There was no way to look cool driving a pontoon boat. It was almost as if the seats were designed to resist the notion of cool. It certainly didn't have the speed we needed to set the aesthetics of a rescue mission, but that wasn't an issue.

By triggering the Omen for Breathing Deeply, we had found ourselves in a basin lake. Now there were several other directions we could go. This was like a four-way stop for the river. The path we would choose wouldn't be determined by us, though.

It would be chosen by a cue ball.

Camden threw the bag with the ball and the tracker into the water and said, "Find Ramona and then come back to me."

The bag floated, but didn't move in any particular hurry.

"Quick, follow that bag," Antoine said as we floated alongside it.

"Did we lose it on the radar?" I asked, pretending that I couldn't see it any longer. The bright, reflective orange water wing made it very visible against the water.

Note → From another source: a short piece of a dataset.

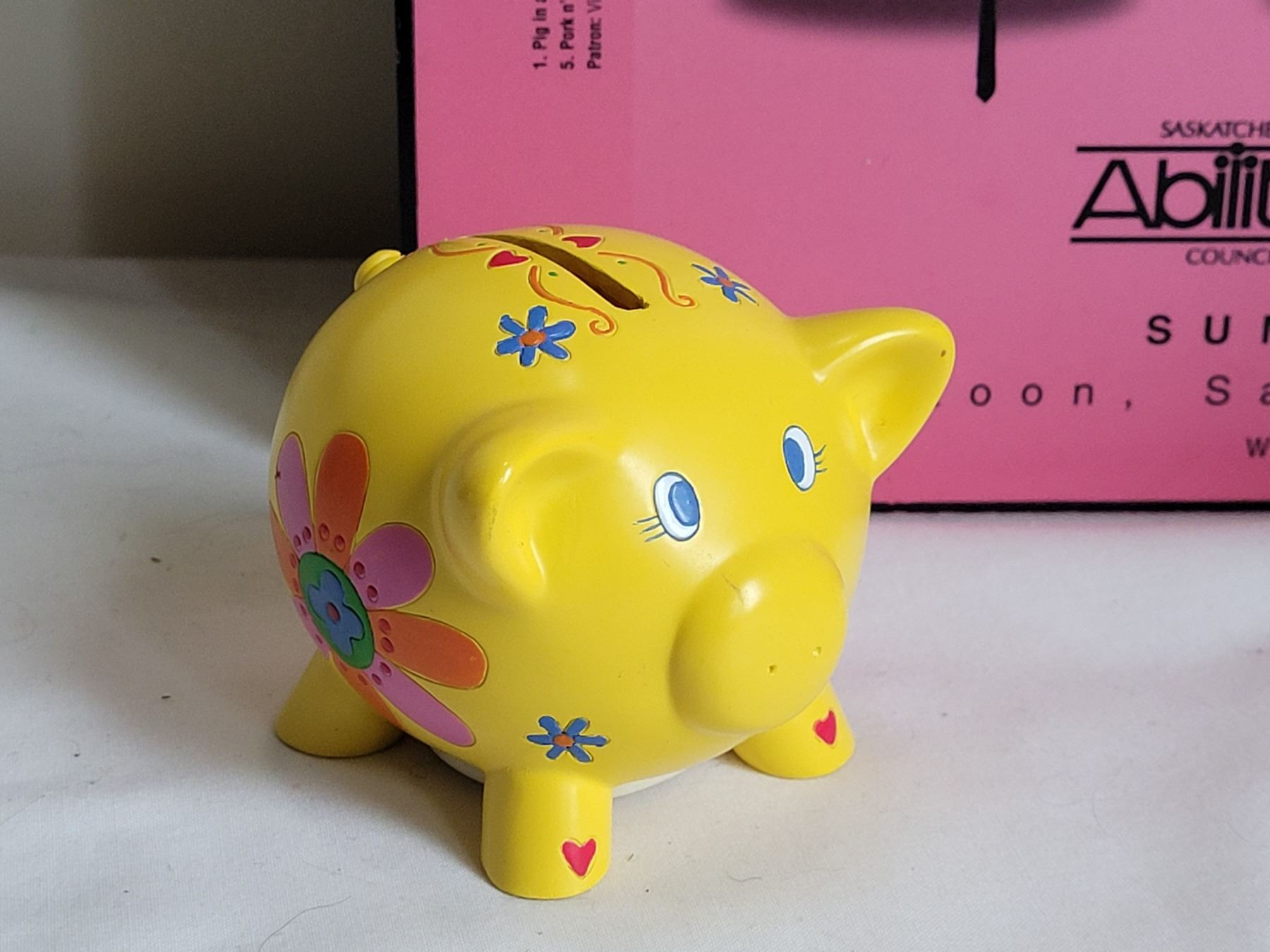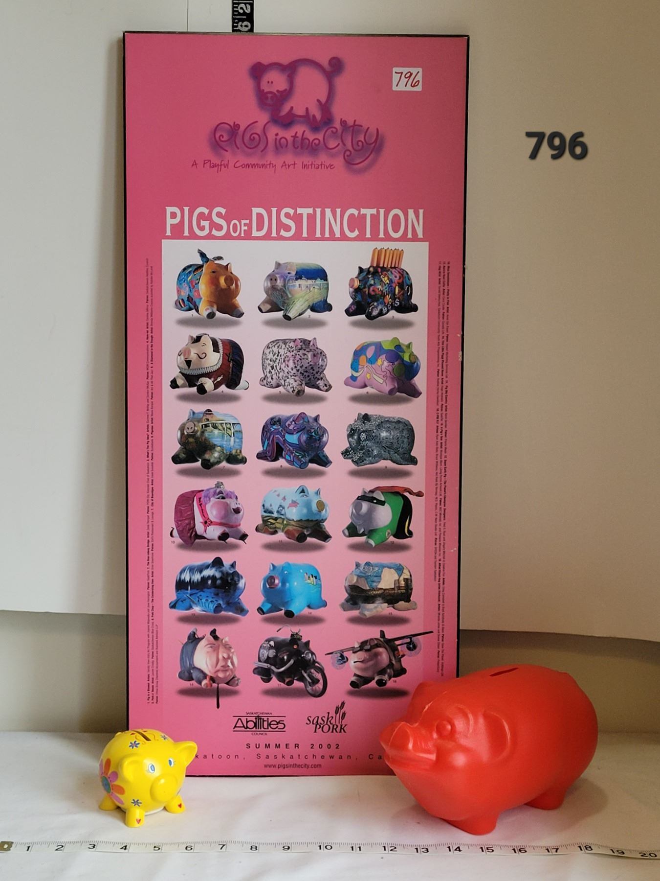 Sask Pork “Pigs of Distinction” collector board & piggy banks.

We could at least try to make jokes.

It took us nearly an hour to get off the lake, and we never lost sight of the bag, but eventually it floated ever so slowly toward an outlet that wasn't even on a map for the lake.

And once we set sail to follow it, the water got faster, and the bag moved swiftly, bouncing off every rock and log on the way. We had to chase it now, knowing that if it ever took a turn down a shallow creek, it was as good as lost. I didn't even know what would happen if we needed to trigger a storyline to open up the right path.

We followed the bag, and the bag followed the river. Where it would take us, we did not know. But the journey, some said, was more important than the destination.

But then, it was also more dangerous.